Assignment ▸ In the entries below, find the line with "Chang Chung-Lun sotto" and the line with "º¸Á¶2±¸Àå | 10:30". Repeat exactly everything between them, those two lines included, but not the pictures.

Input data ▸
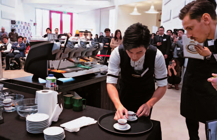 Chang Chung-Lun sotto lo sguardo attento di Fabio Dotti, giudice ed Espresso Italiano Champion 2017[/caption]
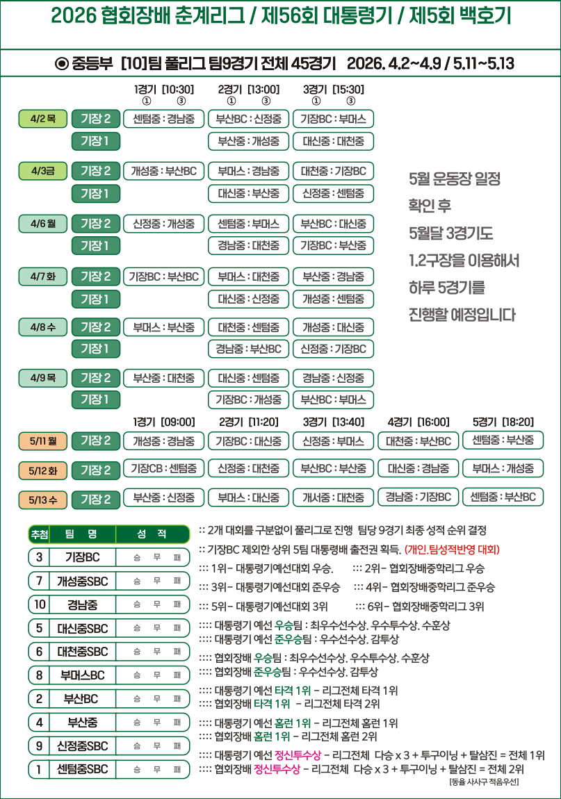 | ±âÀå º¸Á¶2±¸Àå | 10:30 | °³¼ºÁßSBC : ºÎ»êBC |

...

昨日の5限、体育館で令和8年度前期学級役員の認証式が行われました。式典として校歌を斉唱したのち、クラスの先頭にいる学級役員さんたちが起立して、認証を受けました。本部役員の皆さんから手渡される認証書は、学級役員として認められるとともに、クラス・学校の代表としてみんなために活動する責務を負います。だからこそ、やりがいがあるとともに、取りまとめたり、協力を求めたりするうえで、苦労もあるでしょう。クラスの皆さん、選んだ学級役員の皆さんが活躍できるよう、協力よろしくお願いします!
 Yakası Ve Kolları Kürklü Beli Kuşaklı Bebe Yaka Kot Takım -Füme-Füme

Response ▸
 Chang Chung-Lun sotto lo sguardo attento di Fabio Dotti, giudice ed Espresso Italiano Champion 2017[/caption]
 | ±âÀå º¸Á¶2±¸Àå | 10:30 | °³¼ºÁßSBC : ºÎ»êBC |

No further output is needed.